Но Федорка решительно срывает с шестка платок.
— Вам усе паника, мамо… А я Динку с самой осени не бачила…
— Не бачила и не померла, слава господу. Подруга — не мать! Як бы ты за родной маткою так скучала…
— А чого меня за вами скучать, как вы у меня кажный день перед глазами, дерзко отвечает Федорка, идя к двери.
— Ось я тоби покажу — перед глазами!.. — выскакивая на крыльцо, кричит мать. — Федора! Вернись зараз! Ох ты ж языкатая девка! Вернись, кажу!..
Но крепкая, приземистая фигурка уже скрылась в кустах. Федорка бежит узенькой тропкой за огородами, минует экономию и, выскочив на пригорок, где круто сбегает вниз белая, глинистая дорога с выщербленными колеями, смотрит на верхушки вековых дубов, где чуть виднеется крыша Динкиной хаты.
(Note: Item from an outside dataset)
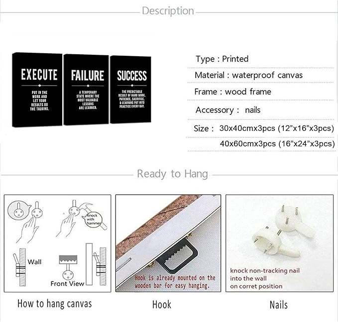 - 【Motivational Wall Art For Office】 The Size of the office canvas wall art set is: 12x16inchx3pcs (30x40cmx3pcs). The modern wall art prints perfectly combine quotes such as Execute, Failure, Success, making the artworks more inpirational and motivational. The inpirational wall art set is the best choice for home office gifts or boss office decoration.

— Нема… — качает головой Федорка и, повязав потуже концы платка, степенно сворачивает на дорогу, ведущую к хате Ефима и Марьяны Бессмертных.
Маленькая белая хатка живет хлопотливой хозяйственной жизнью. По двору бродят три курицы с красным петухом, около тына мычит привязанная корова. Навстречу Федорке выскакивают два лохматых пса. Черный, хозяйский Волчок и белый любимец Динки Нерон.
— Нерончик, Нерончик… — лаская белого пса, приговаривает Федорка, проходя в хату.
За столом, покрытым чистой домотканой скатертью, сидит Ефим и со смаком ест из глиняной миски зеленый борщ.
— Ну здравствуй, Федорка! — усмехаясь в усы, говорит он, поддерживая ложку краюхой хлеба. — Сядай за стол, гостьей будешь!
— О! Федорка! Зачем прискакала? — весело откликается, гремя подойником, Марьяна и, склонив голову набок, смеется. — За подружкой скучаешь?
— Скучаю, — смущенно улыбается Федорка и, присаживаясь на скамейку, испытующе смотрит на остриженные в кружок темные кудри Ефима с тонкими серебряными ниточками, на загорелый лоб с белой полоской от шапки и на опущенные вниз лукавые голубые глаза.